[email protected] wrote:
On Monday, 30 September 2013 17:26:37 UTC+2, Miles Fidelman wrote:

    I'm surprised nobody has mentioned this yet:  Leo has pretty much
    written off Mac users, and close to written off large chunks of
    Linux users.

    Sure, you CAN install and get it to work on Macs and Debian/Ubuntu
    (and
    presumably other linux varieties).  But... it's pretty hard to
    justify
    the time and effort, just to try Leo the first time.

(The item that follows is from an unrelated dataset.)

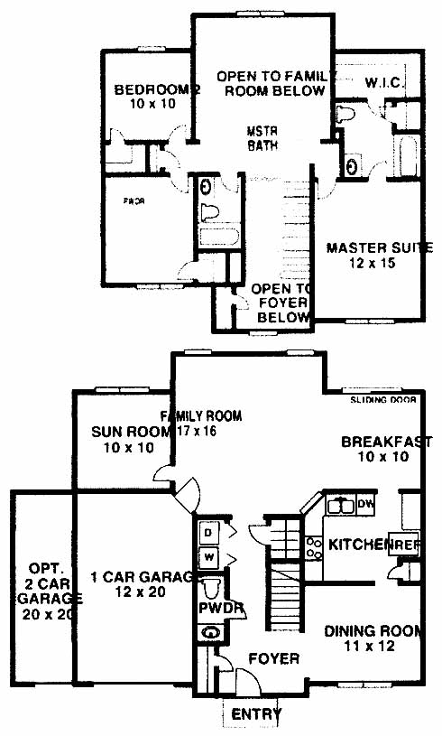 This two-story, three bedroom, 2 1/2 bath floor plan has 1 or two car garage option. Home features large family room and sunroom. Gourmet kitchen adjoins breakfast area and separate formal dining room. Master suite has large walk-in closet.

    Point and click for windows, and there seems to be a port for BSD,
    but
    while there's mention of a package for Debian and Ubuntu I can't
    seem to
    find it in the respective package repos.  No Mac package for Fink or
    MacPorts - just some instructions on how to use Homebrew (and does
    one
    really want to use a Ruby based installer to install something
    written
    in Python?).

    Somehow, one gets just a little squirrely contemplating a Python
    based
    IDE that seems to have been targeted at a Windows environment. That
    alone raises some red flags.


More needs to be done in the marketing department.

In that regard, Leo is barely mentioned on WikiPedia - it has a simple descriptive page, but on the list of text editors it's listed, but there's no information about o/s support or features.

For marketing, packaging, features, documentation, tutorials, extensions,... - do a side by side comparison of Vim and Leo - and the answer(s) to "why leo isn't more popular" leap out at you.

Miles Fidelman

--
In theory, there is no difference between theory and practice.